Elevating Tech Performance with DORA Metrics


We have a strong culture of continuous improvement at AdAction, particularly in the tech department.  Our goal is to be an always-improving team that quickly and efficiently delivers high-quality products. As such we want all of our teams to have the opportunity to improve and perform at the highest level possible.   

However, the path to improvement is invisible without a yardstick to measure progress. For qualitative insights into team health, we’ve embraced the model pioneered by Spotify, utilizing team health checks to identify areas for enhancement at both the team and organizational levels. Yet, the quest for a quantitative measure of performance led us to the DevOps Research and Analytics (DORA) metrics developed by Google. Despite their promise, we encountered challenges in calculating and leveraging these metrics effectively.

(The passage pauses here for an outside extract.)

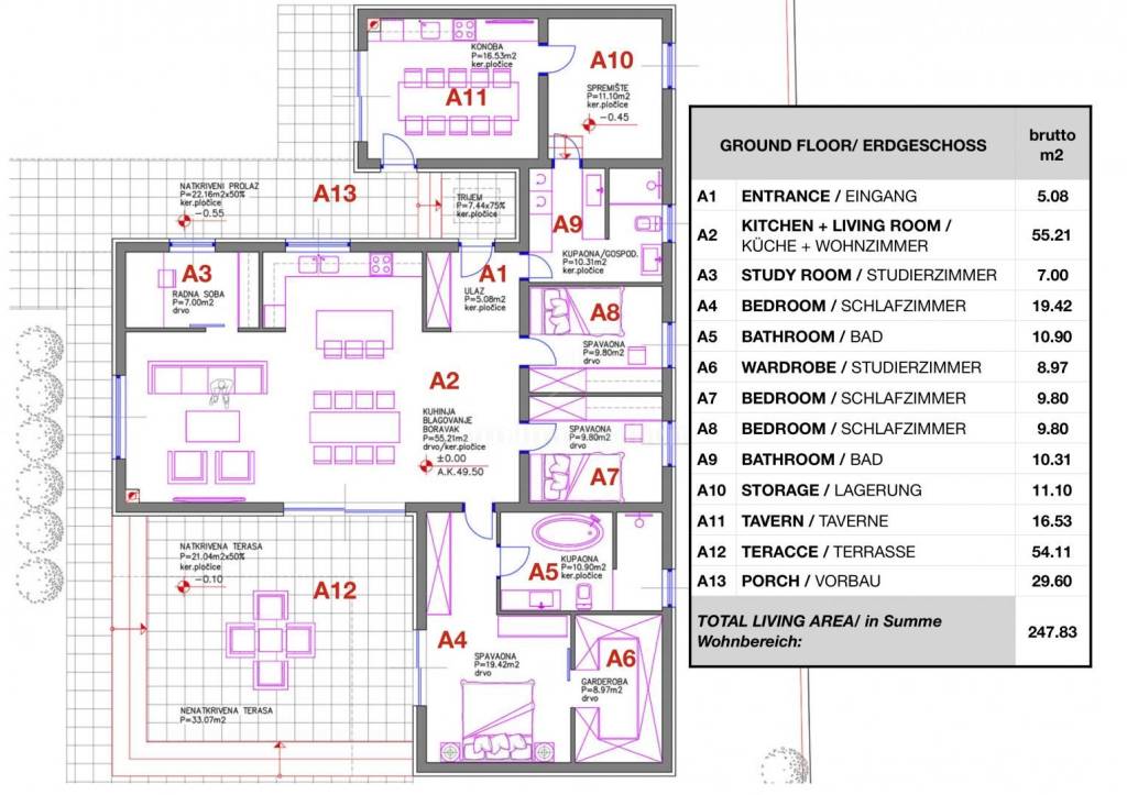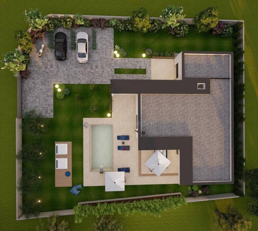 The house extends through only one floor. It consists of a garage, a storage room, two bathrooms, three bedrooms, a study and one open-concept room that combines a kitchen with a dining room and a spacious living room that opens onto a large terrace with a swimming pool.

In this article, we’ll explore our interpretation of the individual DORA metrics, alongside the challenges we encountered in their implementation. For those new to DORA metrics, a practical first step is conducting a quick assessment. We recommend beginning with a straightforward evaluation available at DORA’s Quick Check, which guides you through a series of questions to gauge your current standing.

There are four core metrics that Google initially defined in its original post. They developed these metrics through six years of research and believe the combination of which indicates how well a team is performing (at least as far as DevOps goes). The four metrics are:

  • Deployment Frequency – How often is a team shipping to production?
  • Lead Time for Changes – How long does it take for a commit to make it to production?
  • Change Failure Rate – The percentage of deployments that create a failure in production.
  • Time to Restore Service – How long does it take to recover from a failure in production?

You can see a theme that all these metrics relate to code in production. The Dora team identified four classes of team performance (Elite, High, Medium, Low) which become evident from these metrics:

Our interpretation of Dora Metrics

Before we could start collecting and monitoring these metrics, we needed to align on what exactly each one meant to AdAction.

Deployment Frequency

This was the only straightforward metric for us, simply how often do we release new versions of our codebases to production.

Lead Time for Changes 

This is a little more debatable. What are we really trying to measure? The speed of development, or the speed at which a team takes finished code and makes it live. These are two very different things, each with its own merits. Which you choose dictates how you will measure. We first looked at the time from PR open until that code was deployed. In time, due to the nature of the tooling we used for measuring, we switched to a commit time until deploy model.

Change Failure Rate

For us this was a less clear metric. What constitutes a “failure”? The Dora report indicates a percentage of deployments causing failures. Does this mean an incident due to a CD deployment error or any outage due to faulty code in production? We had strong proponents in both camps. This is still in flux and is largely controlled by what tooling we use. Once failures are identified, the failure rate will be the number divided by the number of total deployments.

Time to Restore Service 

Before this, we must answer the question of what is a failure. Identifying failures accurately is crucial, as it directly impacts our ability to measure and improve our response times. 

Collecting the Metrics

Once we decided on what these metrics meant to us, we needed to collect them. The Google DORA team released the project Four Keys for gathering these metrics from GitHub or GitLab. However, the project makes extensive use of Google Cloud, and we’re an AWS shop. 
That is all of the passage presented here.